Como se lesse os seus pensamentos, ela respondeu:
— É uma tradição que a rainha faça uma visita a cada membro da Caçada dos Elfos. E como ouvi vozes em todos os lugares, exceto no seu quarto, decidi começar por aqui. — Permanecia de pé diante dele, e o encarava com expectativa. Um hálito de flores frescas de primavera invadiu o seu olfato. Era o perfume da rainha que o confortava.
— Desculpe-me — disse em voz baixa. — Não conheço muito bem todas as tradições. — Olhou para baixo.
— Você nunca sonhou em participar da Caçada dos Elfos? Toda criança sonha, conhece as tradições e cada um dos passos da trilha que se percorre nessa noite.
Nuramon suspirou e a olhou nos olhos:
— Uma criança que não se sente aceita em lugar nenhum sonha com coisas menores.
Lembrou o tempo que se seguiu à ida de seus pais para o luar. Ele ainda era praticamente uma criança, mas ninguém veio para cuidar dele. Seus parentes o recusaram, e ele então retornou para a casa na árvore que fora de seus pais. Lá ficou sozinho. Somente os filhos dos albos, para os quais a maldição que os elfos atribuíam a Nuramon não tinha nenhum significado, o aceitaram por perto. E não tinham sido muitos.
— Eu sei como é difícil — disse a rainha, tirando Nuramon de suas lembranças com suas palavras. — Mas a minha decisão será simbólica para os demais. Agora eles estão surpresos, mas logo verão você com outros olhos.
— Eu queria poder acreditar nisso — disse e se esquivou do olhar de Emerelle.
— Olhe para mim, Nuramon! — ela exigiu. — Não se esqueça de que sou a sua rainha. Não posso fazer com que os outros o amem. Mas vou tratá-lo como trato os demais. Você se sente solitário e se pergunta se ainda pertence aos elfos, mas logo os outros o reconhecerão como o que você realmente é. — Ela baixou o olhar. — Você superou a dor da sua tenra idade. É como se Noroelle tivesse despertado forças em você que ninguém pensava serem possíveis. Agora chegou o momento de eu lhe dar o reconhecimento que você merece por suas virtudes.
— Eu vou aproveitar essa chance, Emerelle.
A rainha olhou em volta na direção da porta.

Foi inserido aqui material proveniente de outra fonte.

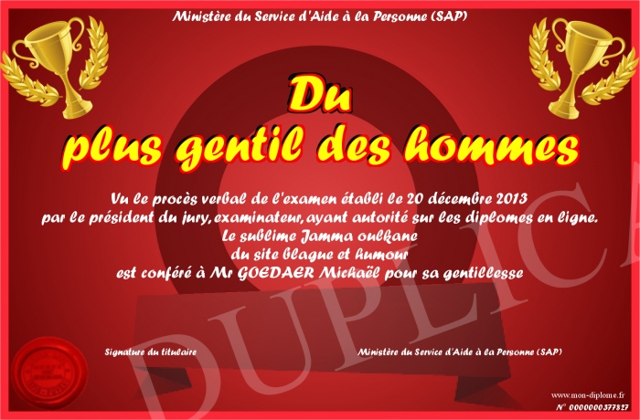 Envoyez par email votre Du plus gentil des hommes personalisé
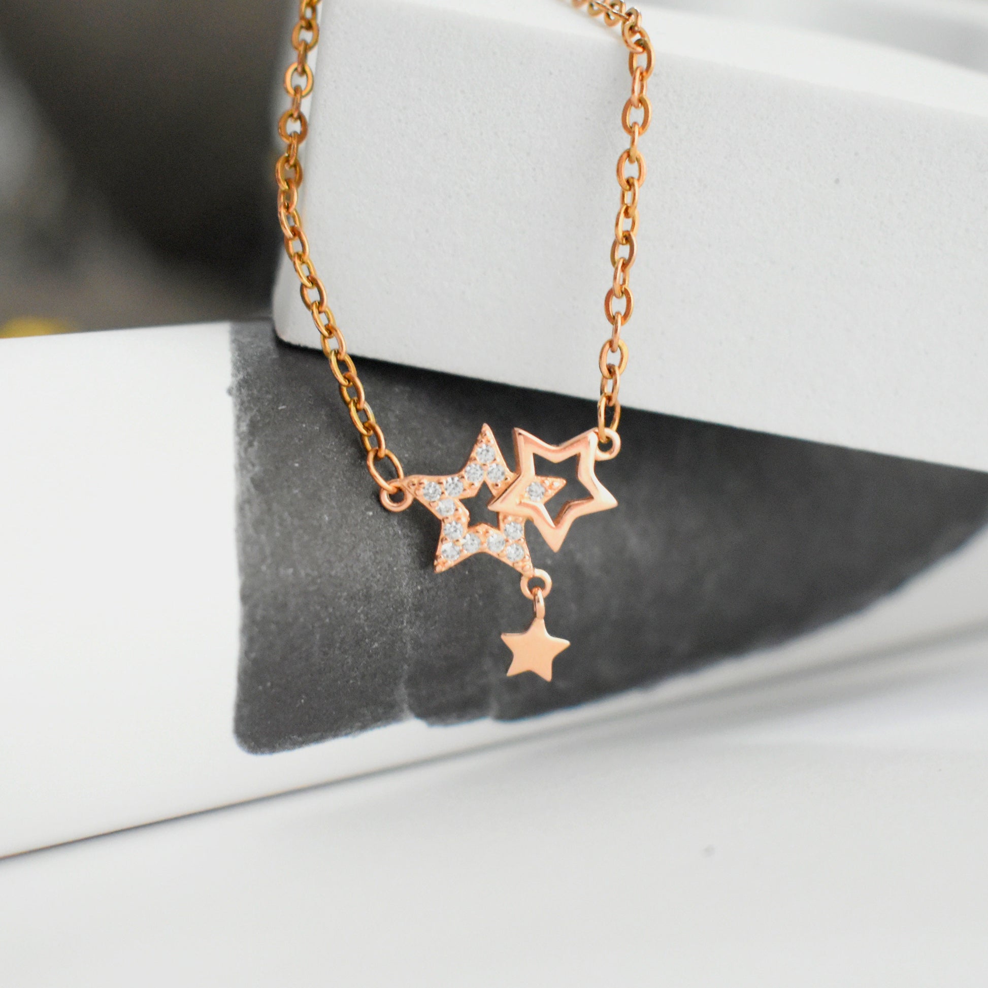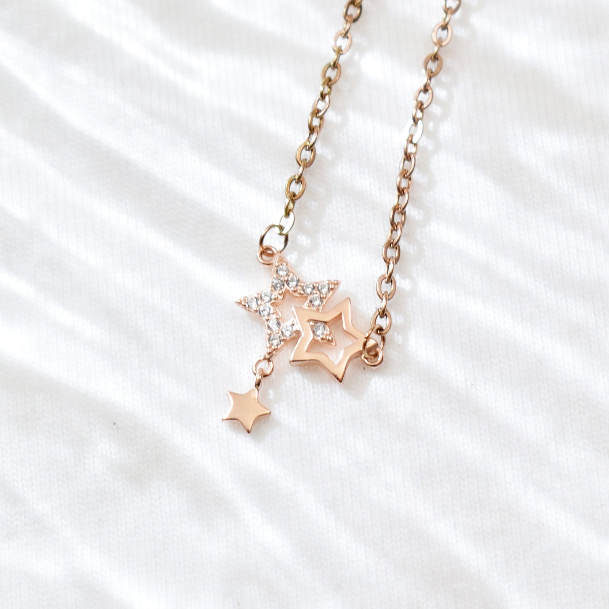 Rosegold Enchanting Love Crystallized Three-Star Necklace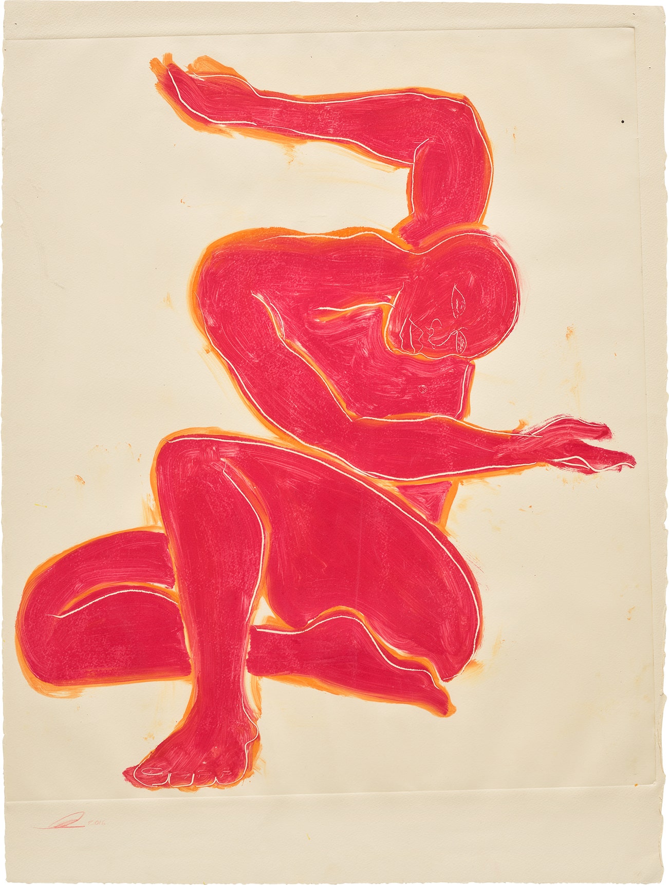 signed and dated 'Tunji Adeniyi-Jones 2016' lower left; signed, titled and dated 'TUNJI ADENIYI-JONES 'RED FIGURE POSING' 2016' on the reverse

— Já que ninguém vem e os caçadores sempre precisam estar equipados, gostaria de me encarregar de seu equipamento. Pedirei que o tragam a seus aposentos mais tarde.
— Mas...
— Não diga que isso não compete a você! Olhe para cima. — Ela apontou para o retrato de uma elfa que lutava contra um dragão. — Aquela é Gaomee. Ela derrotou o dragão Duanoc, que chegou a nossas campinas pelo portão de Halgaris.
Gaomee! Duanoc! Halgaris! Esses eram nomes do mito que remetia a grandes proezas, e que lembrava os velhos tempos heroicos.
Muitos dragões já chegaram à Terra dos Albos, mas apenas poucos encontraram seu lugar neste mundo e fizeram um pacto com os elfos. Mas Duanoc estava muito longe de aceitar um pacto desse tipo. Pelo menos era o que se contava. E a jovem Gaomee o abateu. Um arrepio subiu pelas costas de Nuramon.